A6) Cosmonaut.   (Although, much like the word ‘taikonaut,’ it’s an anglicized version of the relevant word, in the original Russian.)
Q7) That first orbit around Earth took how long: 88, 98 or 108 minutes?

A7) 108 minutes.
Q8) Our hero was a Major in his country’s what: army, navy or air-force?

A8) Airforce.
Q9) The major and his craft were launched from the Baikonur Cosmodrome.   The Cosmodrome is in what’s now which country?

A9) Kazakhstan.   (Indeed, the current Russian Space agency’s lease is valid until 2050.   And what Yuri, himself, would’ve known as Launchpad № 1, is now called Gagarin’s Start.)
Q10) Finally … when he eventually landed, the Major landed just outside a small town called what: Marx, Lenin or Engels?

A10) Engels.
I’ll leave you with this thought …
“I never engaged in these idiotic pamphlet-dropping exercises.
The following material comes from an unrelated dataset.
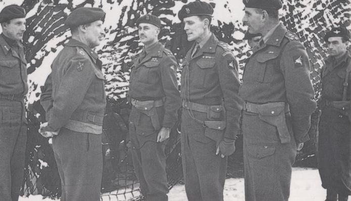 Field Marshal Montgomery with senior officers of the 6th Airborne Division during the Battle of the Bulge in January 1945. Left to right: Major-General Eric Bols (CO 6th Airborne Division), Field Marshal Montgomery, Brigadiers Edwin Flavell (6th Airlanding Brigade), James Hill (3rd Parachute Brigade), Nigel Poett (5th Parachute Brigade), and Lieutenant-Colonel Napier Crookenden (CO 9th Parachute Battalion). Copyright: Imperial War Museum.

They only served two purposes really - they gave the German defences endless practice in getting ready for it, and apart from that they supplied a considerable quantity of toilet paper to the Germans.”
Air Chief Marshal Sir Arthur ‘Bomber’ Harris, 13 April 1892 – 5 April 1984, head of the RAF’s Bomber Command, during WW2.
And — as it’s Jimmy Destri’s birthday — this tune … 


Have a good day!













*        Yep, you’re right about the card, Olga: it really wouldn’t surprise me!   And as for what people said to Major Gagarin?   According to his Wikiquote page, one of the people who saw him land is said to have said “Can it be that you have come from outer space?”: he’s supposed to have replied, “As a matter of fact, I have!”   What CAN I tell you? :D

†        What CAN I tell you, Debbi?   Apart from the fact I couldn’t resist the subject … !?   At ANY rate, there’s another long one, tomorrow: although it’s a bit of  literate one!

2 comments:

Olga Nunez Miret said...

Q1) Classical musicians
Q2) Lilies of the Field (I can’t recall having ever watched that movie…)
Q3) I could only find Hungary but on 13th April 1849 (although it was during the revolution of 1848?)
Q4) Thomas Jefferson
Q5) 1992
I had a friend who was convinced there was no traffic until he decided to drive his car and then everybody would go out on the streets... Made me think of the Truman Show...
I hope you sleep better today

Debbi said...

Fair enough! :)

1. classical musicians
2. Lilies of the Field
3. Hungary
4. Thomas Jefferson
5. 1992

I'm looking forward to new episodes of Orphan Black! :)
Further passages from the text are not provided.